I want to touch on a couple of other points that relate to the issues legitimately raised by both the Law Society and the Bar Council. It is possible to meet their concerns in a proportionate way. I think it is fair to say that the Bar Council and the Law Society’s main issue, in terms of the scope of the Bill, has been the relationship to authorised staff. They make a fair point about the underlying issue of the courts modernisation programme, which I will touch on later. There was an acceptance in the other place that some types of procedure and hearing do not require a legally qualified person to deal with them.

However, we have to ensure that when the procedure committee draws up the rules around this—I welcomed the Government’s amendment, which gives greater clarity about how that will operate and makes it easier to achieve—it is not, as my hon. Friend the Member for Cheltenham said, placed in the invidious situation of trading off access to rights against costs. I have sympathy, therefore, for what underpinned the concern raised by the hon. Member for Bolton South East (Yasmin Qureshi), though I do not advocate the same solution. That balance cannot be allowed to be swayed unduly in terms of the transactional or the financial.

The right of reconsideration is worthy of consideration, and I hope the Government will look seriously at it. It is a question of the appropriate level at which to pitch that. Some of the matters that it is proposed be delegated are almost entirely procedural in nature. We should distinguish between delegating to a court official a procedural matter, such as granting an extension in time, which many of us probably think is not the sort of thing where the fundamental rights of a party are so affected that it requires reconsideration, and something that goes to the issue of the case, such as a summary judgment. The way forward is to give the rules committees the ability to reflect those distinctions, rather than to try to spell things out too much in statute.

It has been suggested that there should be a form of benchmark against which the rules and procedures operations are carried out. That may be worthy of consideration by Ministers, and it may be discussed in Committee. I would not want to tie people’s hands, but we could have some form of benchmark against which that is done, without falling into the trap that Lord Thomas, Lord Judge and Lord Neuberger counselled against, of overly restricting, over-legislating and tying the hands of the judges.

I take issue with the Opposition on this point. It is not right or desirable for politicians—who, by their nature in our system, are partisan animals—to seek to constrain too much the operation of the rules or procedure of the desirably and deliberately independent courts. We have to be careful about how we achieve a balance. Our job is to set the policy and legislative framework within which the courts operate, but if we get too far into the detail, we run the risk of trespassing on judicial independence, and also on efficiency.

There are good aspects to the Bill that I hope the House will take forward. I intervened on the hon. Member for Bolton South East to point out that it was Mr Joshua Rozenberg, the well-known journalist, who coined the phrase

“it is a little too late and quite a lot too little.”

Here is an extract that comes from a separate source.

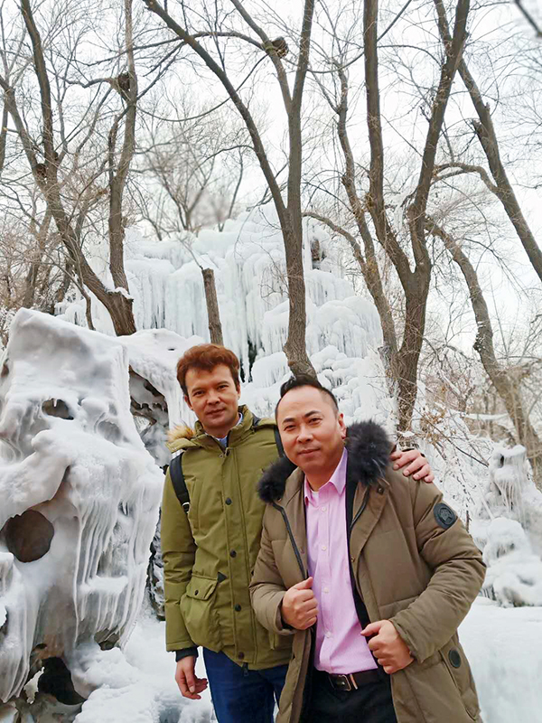 下午4点,新疆万乘全体同仁不俱严寒,游玩路上有的员工欣赏冰雕花灯、有的员工三三两两玩起了自拍,大家有说有笑的来到红山公园山顶,一路途径公园南大门沿着正中间的石阶直上可以到达山顶,山体西侧为悬崖式断头山峰,峰头有一座米多高的九级实心砖塔,与对面雅玛里克山的砖塔遥相对峙,统称镇龙塔。

In fact, to be wholly accurate, it was Lord Marks, a Liberal Democrat shadow Minister, who quoted it in the other place. It is a very good phrase, but it is harsh on the Bill. The Bill does good work within the scope that it seeks, but that does not mean we should not support the Lord Chancellor and his Ministers when they seek, as I am sure they will, to find the appropriate legislative time to bring forward measures on a number of other aspects of the former Prisons and Courts Bill, which was lost in the Dissolution.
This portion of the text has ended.